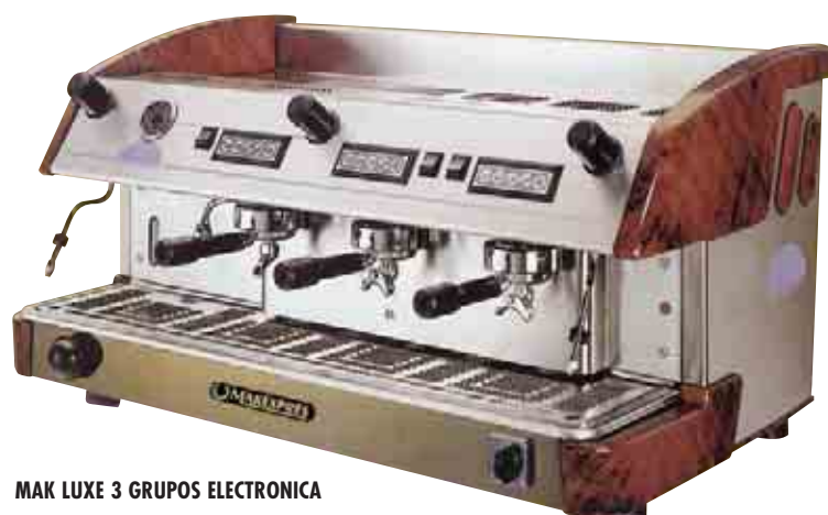
MAK LUXE 3 GRUPOS ELECTRONICA
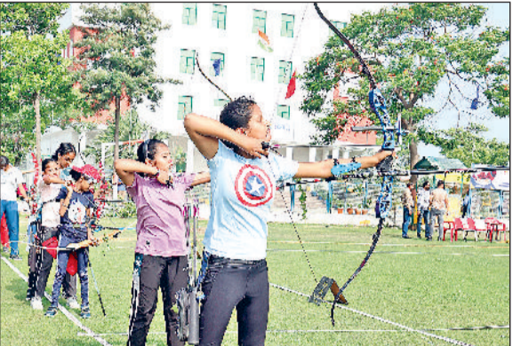
सोनीपत। पूर्ण मूर्ति ग्लोबल स्कूल में सीबीएसई नॉर्थ जोन-2 तीरंदाजी चैंपियनशिप के दौरान निशाना साधती तीरंदाजी
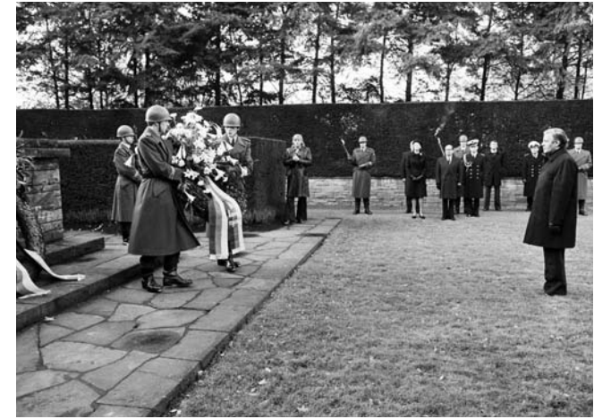
▶ Bundeskanzler Helmut Schmidt (r.) legt am Volkstrauertag auf dem Bonner Nordfriedhof einen Kranz nieder. 17. November 1974

Die Nationalsozialisten schrieben diese Deutung 1934 per Gesetz fest: Der Volkstrauertag wurde auf den 16. März gelegt und zum staatlichen „Heldengedenktag“ erklärt. Er sollte alle Deutschen in der Trauer vereinen. Aber alle, die aus politischen oder sogenannten rassistischen Gründen nicht zur „NS-Volksgemeinschaft“ zählten, wurden aus dem Gedenken herausgelöst – z. B. die gefallenen jüdischen Weltkriegssoldaten. An dieser Propaganda beteiligte sich auch der seit 1933 bereitwillig gleichgeschaltete Volksbund.
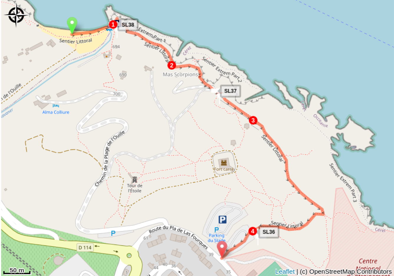
La Playa de Ouille (A)
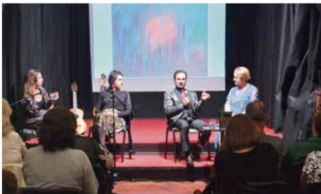
Pogovor s slikarjem ob glasbi v Albert Felicijanovi dvorani
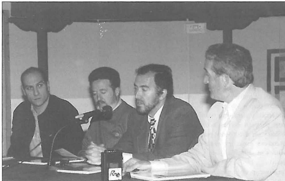
Momento de la presentación del cartel de las jornadas
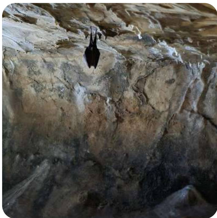
Grand Rhinolophe endormi dans la Roche Trouée

4 cavités ont été inventoriées (glacière St Roch, Roche Trouée, Grotte du Poilu et Fosse Alwaque) et encodées par Plecotus.
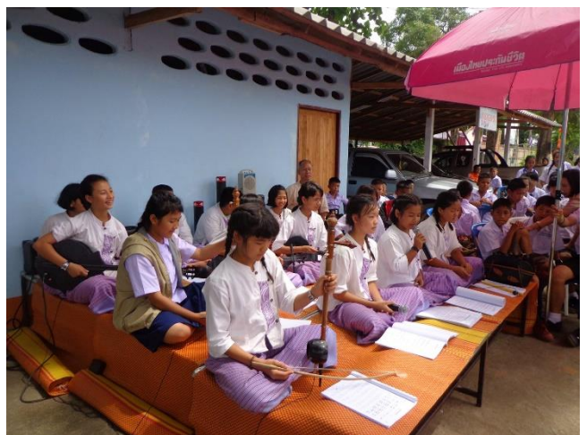
ดนตรีพื้นบ้าน เช่น สีสะล้อ ระนาดเอก ฆ้องวง
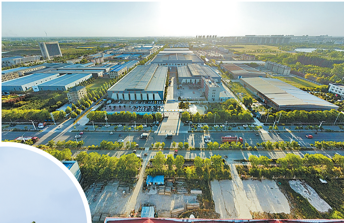
▲位于虞城县高新区的筑润集团(控股)有限公司全景。 ▲虞城县智能装备园区建设项目正在施工中。
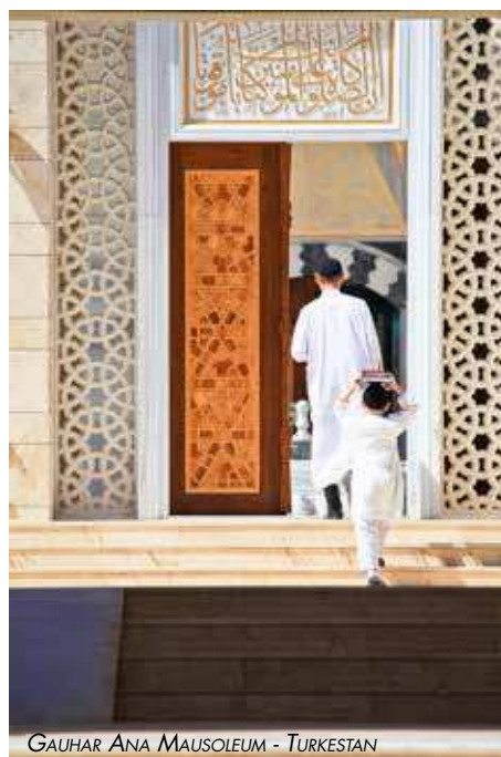
GAUJAR ANA MAUSOLEUM - TURKESTAN
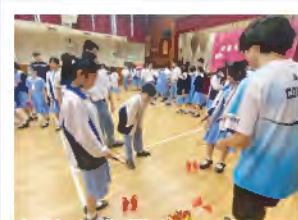
中華文化攤位活動—— 同學專注參與遊戲
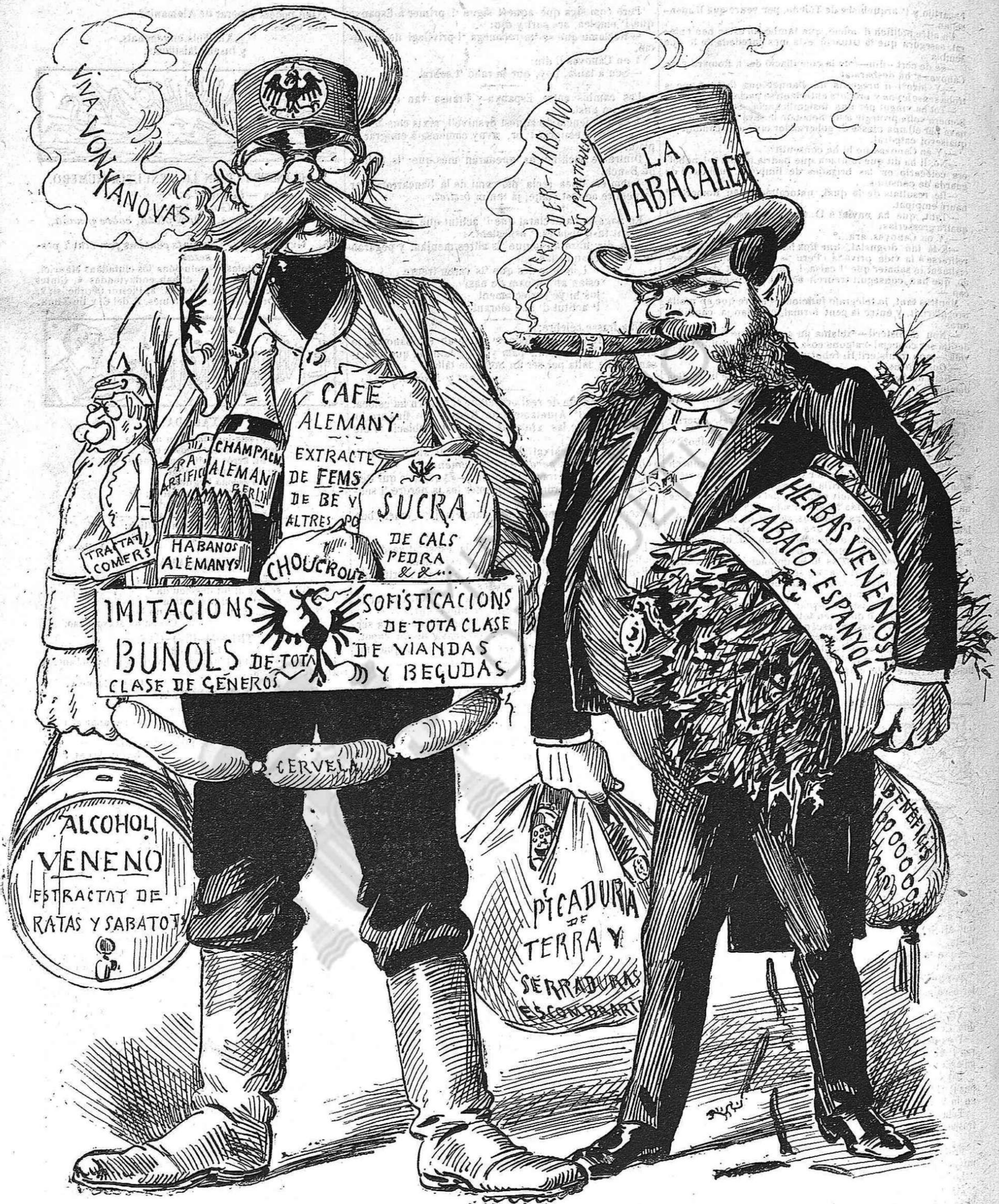
Un tip de menjar y un trago del que 'ns ve del extranger, quatre pipadas á un puro, y un pot dir que ja está llest.

● **What you should do**: All lines from the one containing "Momento de la" through the end of the entries, both ends included, should be written out exactly, with no pictures.

● **Answer to this exercise**:
Momento de la presentación del cartel de las jornadas
Grand Rhinolophe endormi dans la Roche Trouée

4 cavités ont été inventoriées (glacière St Roch, Roche Trouée, Grotte du Poilu et Fosse Alwaque) et encodées par Plecotus.
ดนตรีพื้นบ้าน เช่น สีสะล้อ ระนาดเอก ฆ้องวง
▲位于虞城县高新区的筑润集团(控股)有限公司全景。 ▲虞城县智能装备园区建设项目正在施工中。
GAUJAR ANA MAUSOLEUM - TURKESTAN
中華文化攤位活動—— 同學專注參與遊戲
Un tip de menjar y un trago del que 'ns ve del extranger, quatre pipadas á un puro, y un pot dir que ja está llest.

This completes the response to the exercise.